(Supplied information):
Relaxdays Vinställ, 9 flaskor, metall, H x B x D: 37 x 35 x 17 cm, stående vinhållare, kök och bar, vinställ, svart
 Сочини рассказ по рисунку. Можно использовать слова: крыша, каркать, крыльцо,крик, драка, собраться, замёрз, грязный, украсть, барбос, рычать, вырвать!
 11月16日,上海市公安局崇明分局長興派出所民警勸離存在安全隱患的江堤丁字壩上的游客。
...
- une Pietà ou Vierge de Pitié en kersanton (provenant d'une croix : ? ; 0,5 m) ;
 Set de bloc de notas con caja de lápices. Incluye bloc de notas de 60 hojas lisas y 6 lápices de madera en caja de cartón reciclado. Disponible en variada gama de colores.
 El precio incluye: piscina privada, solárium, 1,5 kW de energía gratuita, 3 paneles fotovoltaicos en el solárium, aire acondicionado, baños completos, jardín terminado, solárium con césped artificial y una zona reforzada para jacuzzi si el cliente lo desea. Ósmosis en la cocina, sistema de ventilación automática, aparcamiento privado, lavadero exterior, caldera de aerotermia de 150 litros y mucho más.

(Problem statement): Please give again the lines above between the line holding "Relaxdays Vinställ, 9" and the line holding "11月16日,上海市公安局崇", inclusive, exactly as they are and with nothing added.

(Answer):
Relaxdays Vinställ, 9 flaskor, metall, H x B x D: 37 x 35 x 17 cm, stående vinhållare, kök och bar, vinställ, svart
 Сочини рассказ по рисунку. Можно использовать слова: крыша, каркать, крыльцо,крик, драка, собраться, замёрз, грязный, украсть, барбос, рычать, вырвать!
 11月16日,上海市公安局崇明分局長興派出所民警勸離存在安全隱患的江堤丁字壩上的游客。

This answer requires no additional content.